Tuesday, July 25, 2006

Conservation for the Wealthy


A new "vacation" development planned for North Carolina's Wilkes and Watauga counties is using conservation as a selling point in their bid to develop 6000 acres into a top dollar resort. The plan is to protect 1/3 of the property from development and to charge between $450,000 and 1.25 million for the remaining lots.

"Laurelmor will still have all the amenities of any high-dollar 21st-century resort: A massive, Biltmore Estate-inspired lodge, with spa, restaurants, clubhouse and an 18-hole Tom Kite-designed golf course, more than 400 condominiums and about 1,500 homesites, ranging in size from three-quarters of an acre on up. Ginn Co. also plans to buy the adjacent Leatherwood Mountains equestrian center."

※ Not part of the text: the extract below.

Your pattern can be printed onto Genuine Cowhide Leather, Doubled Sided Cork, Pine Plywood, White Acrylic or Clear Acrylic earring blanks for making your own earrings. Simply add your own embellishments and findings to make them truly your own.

This project should go a long way to help boost the economies of the counties involved. Wilkes county in particular has suffered some financial setbacks in the recent past. One of which being the relocation of Lowe's Companies, Inc's corporate offices to Iredell county.

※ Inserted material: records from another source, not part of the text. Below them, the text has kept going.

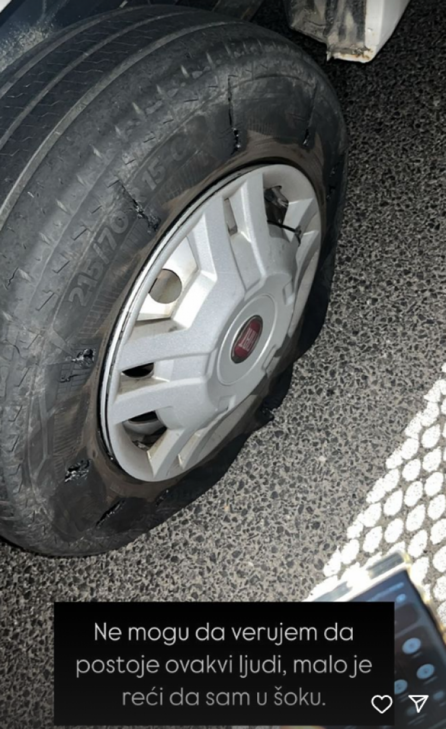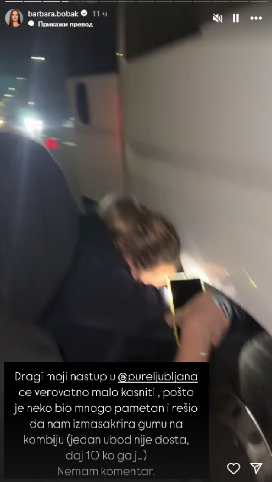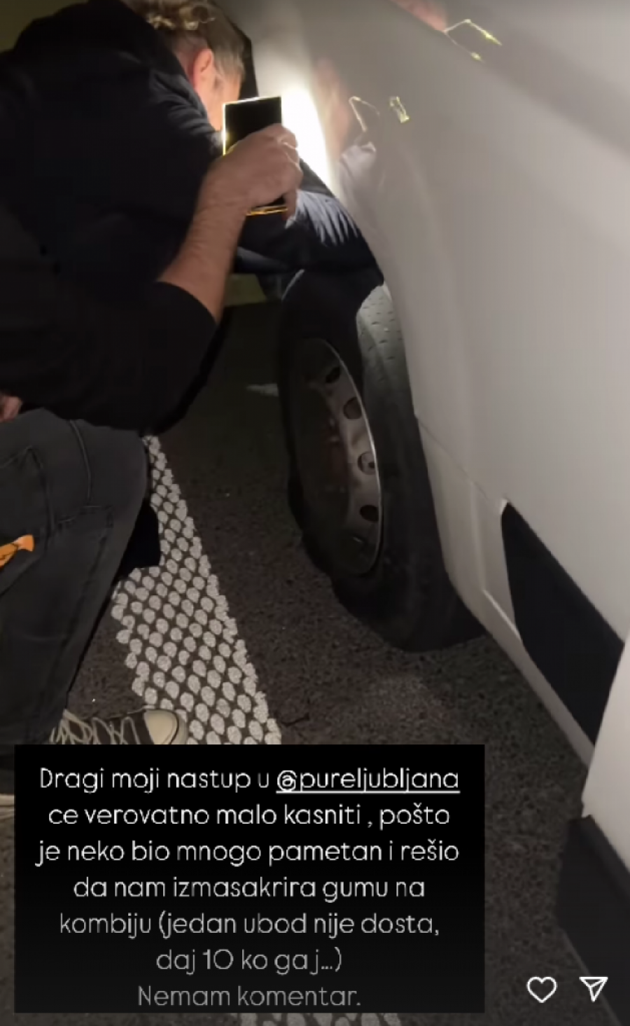 - Nastup u Ljubljani će verovatno malo kasniti, pošto je neko mnogo pametan rešio da nam izmasakrira gumu na kombiju (jedan ubod nije dosta, daj 10...) - napisala je ironično, izražavajući šok i nevericu zbog onoga što im se dogodilo.
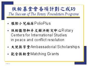 第五節: 扶輪基金會各項計劃 The Rotary Foundation Programs(90分鐘) I. The Success of The Rotary Foundation Programs (20 分鐘) 扶輪基金會各項計劃之成功 ◆ 投影片 5-a
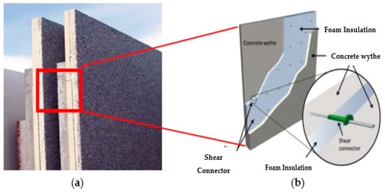 - Choi, W.; Jang, S.J.; Do Yun, H. Design properties of insulated precast concrete sandwich panels with composite shear connectors. Compos. Part B Eng. 2019, 157, 36–42. [Google Scholar] [CrossRef]

I just wish marketers (of which I am a closet one) would stop trying to call the selling off of millions of dollars worth of land as conservation. If you really are concerned about conservation then buy the land and open a park for public use, not a gated community with a few extra trees.
(Link to the Winston Salem Journal Article)

1 comment:

Anonymous said...

I understand where you're coming from, however Ginn does plan to allow public access to areas of land within the conservation easement, including [but not limited to] giving them the opportunity to fish under a catch- and-release program and allowing ASU biology students access to observe and collect research data as part of their curiculum.

In addition, all of the research collected by various conservation groups like the NC Audubon, will be made available for public use.

It may not seem like much, but at the end of the day, we have to remember that it's all for the benefit of native wildlife and vegetation, and not necessarily humans.